For Sale.  Ford truck and Ford touring body.  Apply to Virgil Bobbitt, Bobbitt Hotel.

Bethurum Is Elected President Of The Circuit Judges Association.  Circuit Judge B.J. Bethurum was elected President of the Kentucky Circuit Judges Association at the recent meeting in Louisville.  This is quite an honor and came as a surprise to the Judge.  He did not know that his name was being mentioned for the place until the election came off.  To be elected as head of this association is an honor that every Judge devoutly wishes for.  It shows what the other Judges think of his ability and also shows that he is very popular.  This in indeed an honor that the Judge may feel justly proud of.  We know he will fill the place satisfactorily. 
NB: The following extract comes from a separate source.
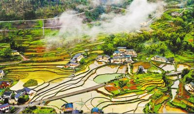 3月22日,重庆万盛经开区丛林镇绿水村春意盎然,晨雾缭绕。

Mounce - Wilson.  Mr. William Mounce and Miss Francis Wilson, both of this city, were married last Thursday.  Both are very popular young people and have the best wishes of a host of friends.  Mr. Mounce was for a number of years a successful school teacher in the county.  When he war broke out he enlisted and saw over fourteen months services overseas.  He is an officer in Pulaski County Post American Legion.  At present Mr. Mounce holds a position as clerk in the post office.  Mrs. Mounce is the daughter of Mr. and Mrs. George Wilson, of this city.  She has been a teacher in the county schools for the past eight years, having just closed a successful school as principal at Oak Hill.  She is a very popular girl and has many friends.
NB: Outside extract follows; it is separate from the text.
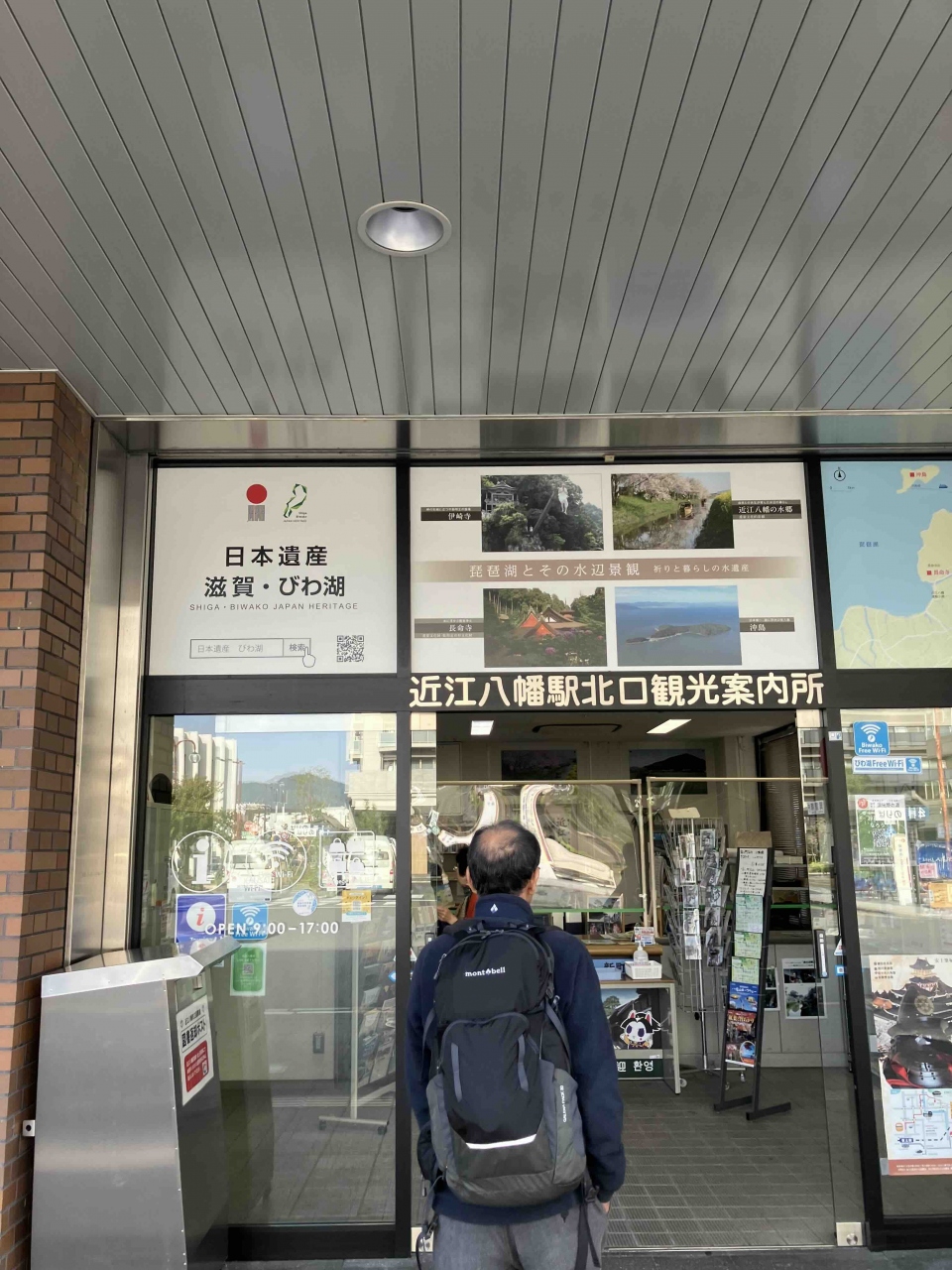 JR近江八幡駅の北口の1階にあります。朝は9時から開くようです。すぐそばには八幡堀へ行くバス乗り場があるので、ここでいろいろな情報を仕込んでから八幡堀へ行くのが良いと思います。そんなに大きな観光案内所ではありませんでしたが、係のかたが丁寧に説明してくれます。

Soldiers At Cumberland Sanitarium Enjoyed Christmas Tree And Gifts.  The people of Somerset made Christmas enjoyable for the soldiers at the Cumberland Sanitarium.  The Red Cross, The American Legion, the churches and lodges all contributed to the program which was arranged by Dr. Parsons, Post Commander of the Legion.  The choir from the Methodist Episcopal Church was present and Rev. Harrop, the pastor, gave a short talk.  Mr. George P. Sallee, Chairman of the Red Cross, also spoke.  A Christmas tree had been placed in the hall of the Sanitarium and the gifts were put on it.  After the program had been completed the gifts were distributed.  The soldiers desire through The Journal to thank all those who so thoughtfully remembered them.  The American Legion also desires to express their appreciation for the assistance given them for the many gifts received.